Department of Nephrology, the key Laboratory for the Prevention and Treatment of Chronic Kidney Disease of Chongqing, Kidney Center of PLA, Xinqiao Hospital, Army Medical University (Third Military Medical University), Chongqing, 400037, China.
Department of Medical Genetics, Army Medical University (Third Military Medical University), Chongqing, 400038, China.
BMC Med Genet. 2020 Apr 19;21(1):84. doi: 10.1186/s12881-020-01025-x.
Nephronophthisis (NPHP) is a rare autosomal recessive inherited disorder with high heterogeneity. The majority of NPHP patients progress to end-stage renal disease (ESRD) within the first three decades of life. As an inherited disorder with highly genetic heterogeneity and clinical presentations, NPHP still poses a challenging task for nephrologists without special training to make a well-judged decision on its precise diagnosis, let alone its mechanism and optimal therapy.
A Chinese family with NPHP was recruited in current study. The clinical characteristics (including findings from renal biopsy) of NPHP patients were collected from medical records and the potential responsible genes were explored by the whole exome sequencing (WES). A homozygous deletion of NPHP1 (1-20 exons) was found in both affected patients, which was further confirmed by quantitative PCR.

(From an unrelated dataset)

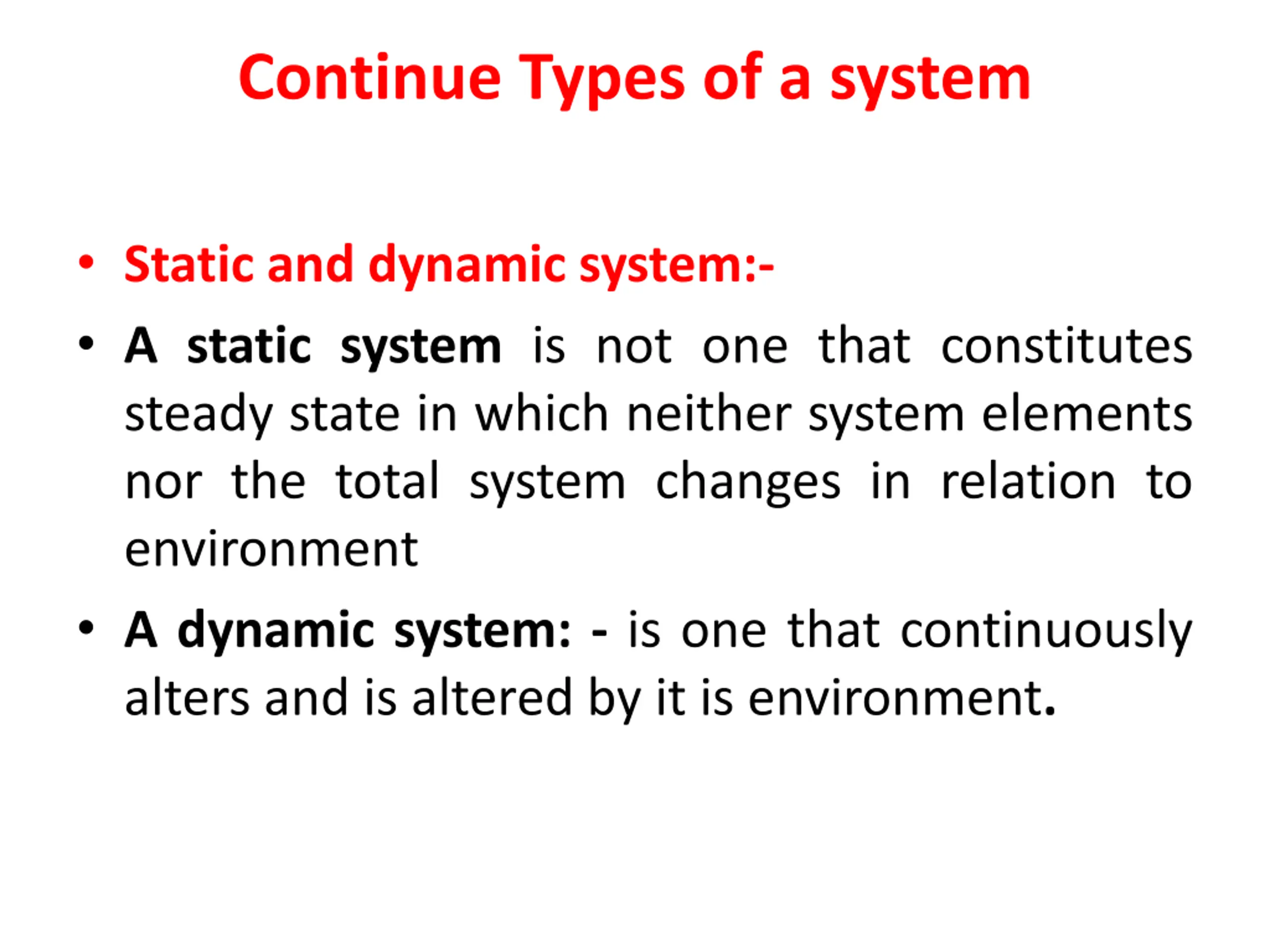 Continue Types of a system Static and dynamic system:- A static system is not one that constitutes steady state in which neither system elements nor the total system changes in relation to environment A dynamic system: - is one that continuously alters and is altered by it is environment.

Homozygous full gene deletion of the NPHP1 gene was identified in a Chinese family with NPHP, which was the molecular pathogenic basis of this disorder. Furthermore, identification of the pathogenic genes for those affected patients can help to have a full knowledge on NPHP's molecular mechanism and precise treatment.
肾髓质囊性病(NPHP)是一种罕见的常染色体隐性遗传性疾病,具有高度异质性。大多数 NPHP 患者在生命的头三十年就会进展至终末期肾病(ESRD)。由于该病具有高度遗传异质性和临床表现,对于没有特殊培训的肾病学家来说,要做出准确的诊断仍然是一项具有挑战性的任务,更不用说其发病机制和最佳治疗方法了。
本研究纳入了一个有 NPHP 的中国家庭。从病历中收集了 NPHP 患者的临床特征(包括肾活检结果),并通过全外显子组测序(WES)探索了潜在的致病基因。在两名受影响的患者中均发现了 NPHP1(1-20 外显子)的纯合缺失,该结果通过定量 PCR 进一步得到了证实。
在中国的一个 NPHP 家系中发现了 NPHP1 基因的纯合全基因缺失,这是该疾病的分子发病基础。此外,对受影响患者的致病基因的鉴定有助于全面了解 NPHP 的分子机制和精准治疗。